16. The system of claim 10, wherein the one or more processors are configured to:
compare the total risk score for the each network asset with a predefined threshold value; and
display, on a graphical user interface (GUI), high-risk network assets among the one or more network assets based on the total risk score for the each network asset that is greater or equal to the predefined threshold value.
17. The system of claim 16, wherein the one or more processors are configured to:
displaying, on the GUI, the total risk score along with the risk score for each of the high-risk network assets.
18. The system of claim 11, wherein
the number of alerts includes at least one of a number of critical alerts, a number of high alerts, a number of medium alerts, a number of low alerts, and a number of notification alerts for each of the alert types.
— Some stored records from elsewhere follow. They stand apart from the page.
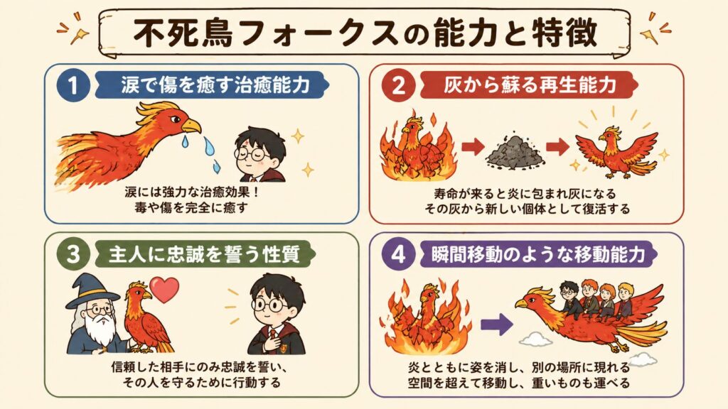 不死鳥は「再生・治癒・忠誠」を持つ特別な魔法生物で、フォークスは物語の重要な場面でハリーを救った存在です
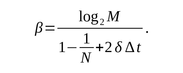 Оценка спектральной эффективности β может быть произведена следующим образом [70]. Теоретически спектральная эффективность может быть найдена как величина log2M, зависящая от порядка М-позиционной модуляции, где М – число точек в созвездии. Например, для BSPK это log22 = 1 бит/Гц, для QPSK – log24 = 2 бит/Гц. Если ∆t – время передачи одного OFDM-символа, то символьная скорость определяется величиной 1 / ∆t [символ/секунда]. Тогда битовая скорость определяется величиной log2M / ∆t. Полосу OFDM сигнала B удобно определить, зная число ненулевых поднесущих частот N, первую поднесущую частоту f0, последнюю fN-1 и половину ширины подканала в OFDM-системе, выражением B = fN-1 – f0 +2δ. Если поднесущие частоты в спектре распределены равномерно, получается равенство fN-1 – f0 = (N-1).∆f, где ∆f – частотный разнос между поднесущими частотами. При условии, что во временной области пренебрегается защитный интервал, и длительность OFDM-символа определяется только длиной БПФ, получается следующее: ∆f = 1 / (∆f.N), а Тогда спектральную эффективность для OFDM системы можно получить как величину:
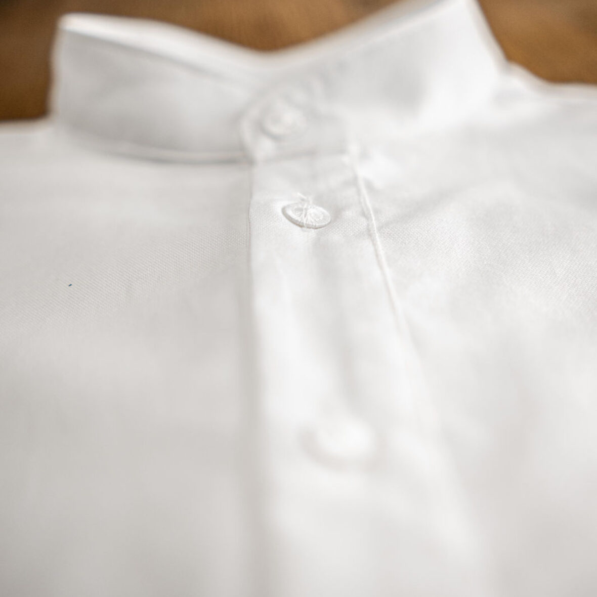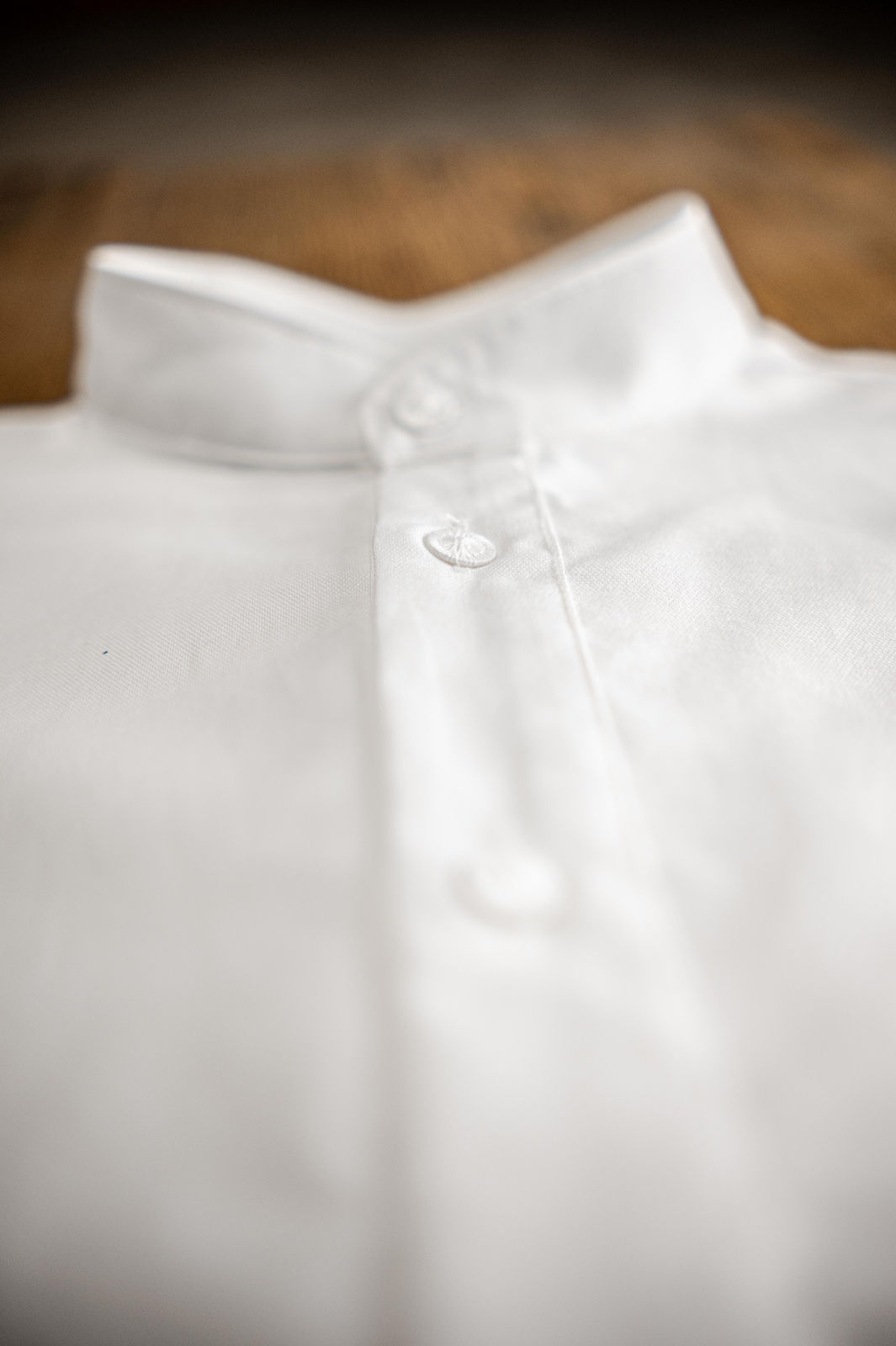 Weiße Pfoad bieten wir in 3 Varianten an. Es gibt unseren typischen Stehkragen, einen Umlegekragen und einen abknöpfbaren Kragen, um die Vorteile beider Optionen gleichzeitig zu haben.

19. The system of claim 11, wherein the alert types include one or more of a critical alert, a high alert, a medium alert, a low alert, and a notification alert,
the exposure types include at least one of a direct exposure, an indirect exposure, and a small exposure, and the criticality types include a high criticality, a medium criticality, and a normal criticality.
20. A non-transitory computer-readable storage medium storing program instructions for evaluating risk associated with one or more network assets, the program instructions, when executed, perform the steps of:
receiving data associated with the one or more network assets, wherein
the data includes at least one of one or more risk identifiers for identifying a plurality of risk parameters associated with each network asset among the one or more network assets and one or more risk metrics associated with the one or more risk identifiers, and
the one or more risk metrics indicate severity levels in the each network asset with respect to each of the plurality of risk parameters;
determining, corresponding to each of the severity levels in each of the plurality of risk parameters, a severity score for the each network asset based on the risk metric and a severity weightage preassigned corresponding to each of the severity levels, wherein the severity score is determined for each of the plurality of risk parameters for the one or more network assets;
calculating a risk score for the each network asset with respect to each of the plurality of risk parameters based on a summation of the severity score of each of the plurality of risk parameters;
calculating a total risk score for the each network asset based on a risk weightage preassigned corresponding to each of the plurality of risk parameters and a summation of the risk score with respect to each of the plurality of risk parameters for the each network asset; and
evaluating the risk associated with the each network asset based on the total risk score for the each network asset.